Saturday, November 20, 2010

Almond Bread for stuffing or eating

I made some of this today, and half of it I'll use for bread and half of it will be cubed, toasted, and saved for stuffing this week.  It is inspired by Lois Lang's Lucious Bread recipe out of "Breaking The Vicious Cycle" by Elaine Gottschall B.A., M.Sc.  I changed it a little to fit my own ingredients.  There are many versions of it on the internet on the SCD sites.  It's gluten free.  Along with this I have looked at different versions of low carb stuffing and I think I'll probably get ideas from them but end up with my own.  I never seem to follow anyone's recipe exactly!  I tend to always take from several recipes and end up with my own.

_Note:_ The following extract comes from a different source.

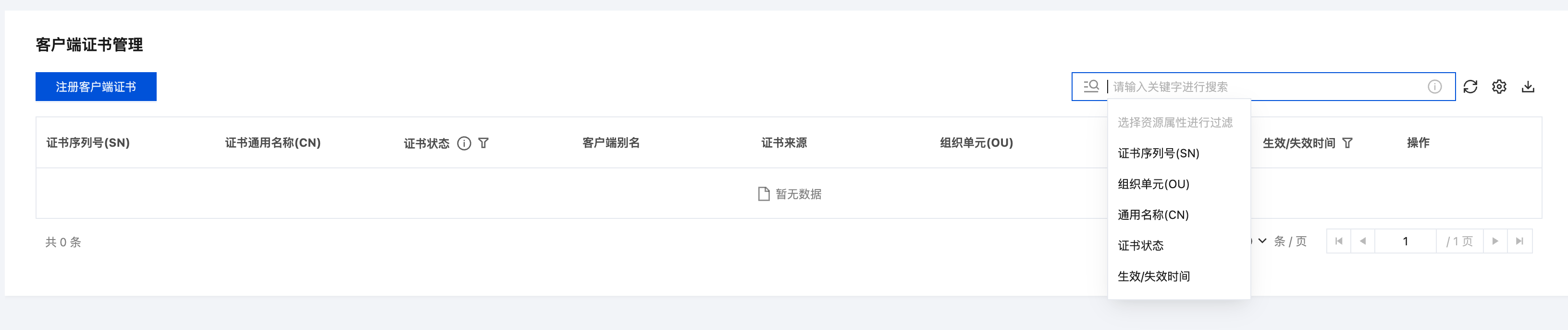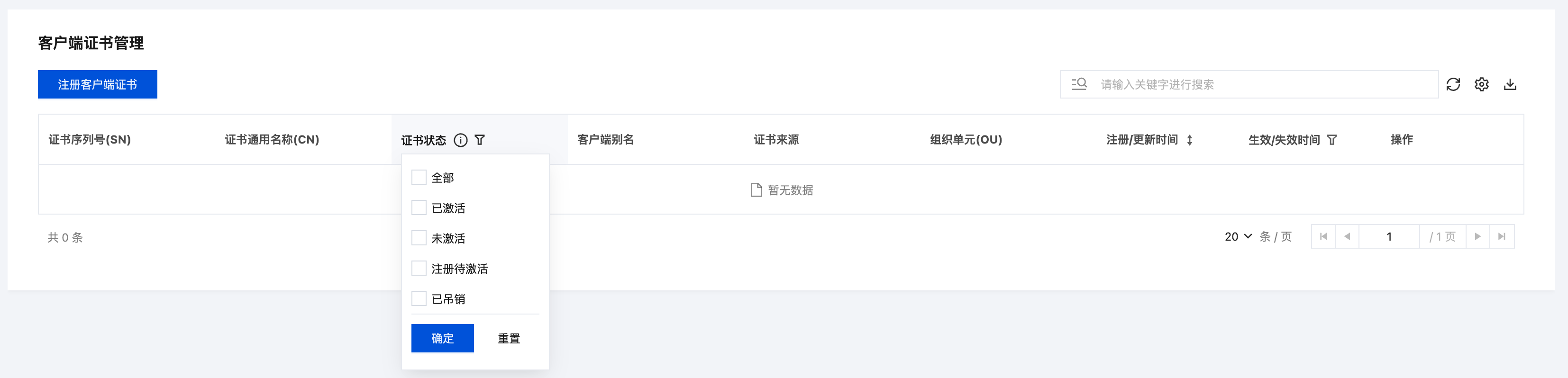 筛选生效/失效时间 | 单击生效/失效时间旁的 ![]() | 筛选出已失效和即将失效(30天内即将过期)的客户端证书。 |

* Exported from MasterCook *

                        Almond Bread

Recipe By     :original by Lois Lang, Breaking the Vicious Cycle, my tweaks
Serving Size  : 16    
Categories    : Bread

  Amount  Measure       Ingredient -- Preparation Method
--------  ------------  --------------------------------
  1/4       cup  coconut oil -- melted
  8         ounces  fat free cream cheese -- softened (feel free to use full fat, I only used this because it cut down on calories, and the carbs were the same.)
  3         eggs
  1         teaspoon  baking soda
  1/4      teaspoon  salt
  2 1/2   cups  almond meal, blanched

Preheat oven to 350 degrees F.  (180 C.)

Place first 5 ingredients in a mixing bowl and mix with electric mixer until very creamy and thick.  Or you can put into a food processor and process.

Add the almond meal and mix well.

Grease a loaf pan (about 4" x 8") generously (I spray with non-stick cooking spray).  Pour dough into the pan.

Bake at 350 for about 1 hour or 1 hour and 15 min. until lightly browned on top.   Check by inserting a metal kitchen knife; it will come out clean when bread is done.  Remove from oven and run a bread knife around the edges of the pan to loosen.   Remove bread from pan by inverting the pan onto a cake rack.  Allow to cool thoroughly before you cut it.  Don't cut it while it is piping hot.  It needs to firm up its texture.

Variations: For Bananna bread: 1/2 cup sweetener added, 1 tsp. banana flavoring, and use 1/2 c. flaxmeal and 2 cups almond meal.  Or for lemon bread use 1 tsp. lemon flavoring, 1 TBS lemon juice, and add poppy seeds.
or: add 1 TBS. of caraway seeds with the flour and you will get a bread that resembles rye bread.

  "Inspired from "Lois Lang's Lucious Bread" from the book "Breaking The Vicious Cycle" by Elaine Gotschall"

                                    - - - - - - - - - - - - - - - - - - - 

Per Serving: 157 Calories; 13g Fat (71.5% calories from fat); 7g Protein; 5g Carbohydrate; 2g Dietary Fiber; 35mg Cholesterol; 208mg Sodium.  Exchanges: 0 Lean Meat; 1 Fat.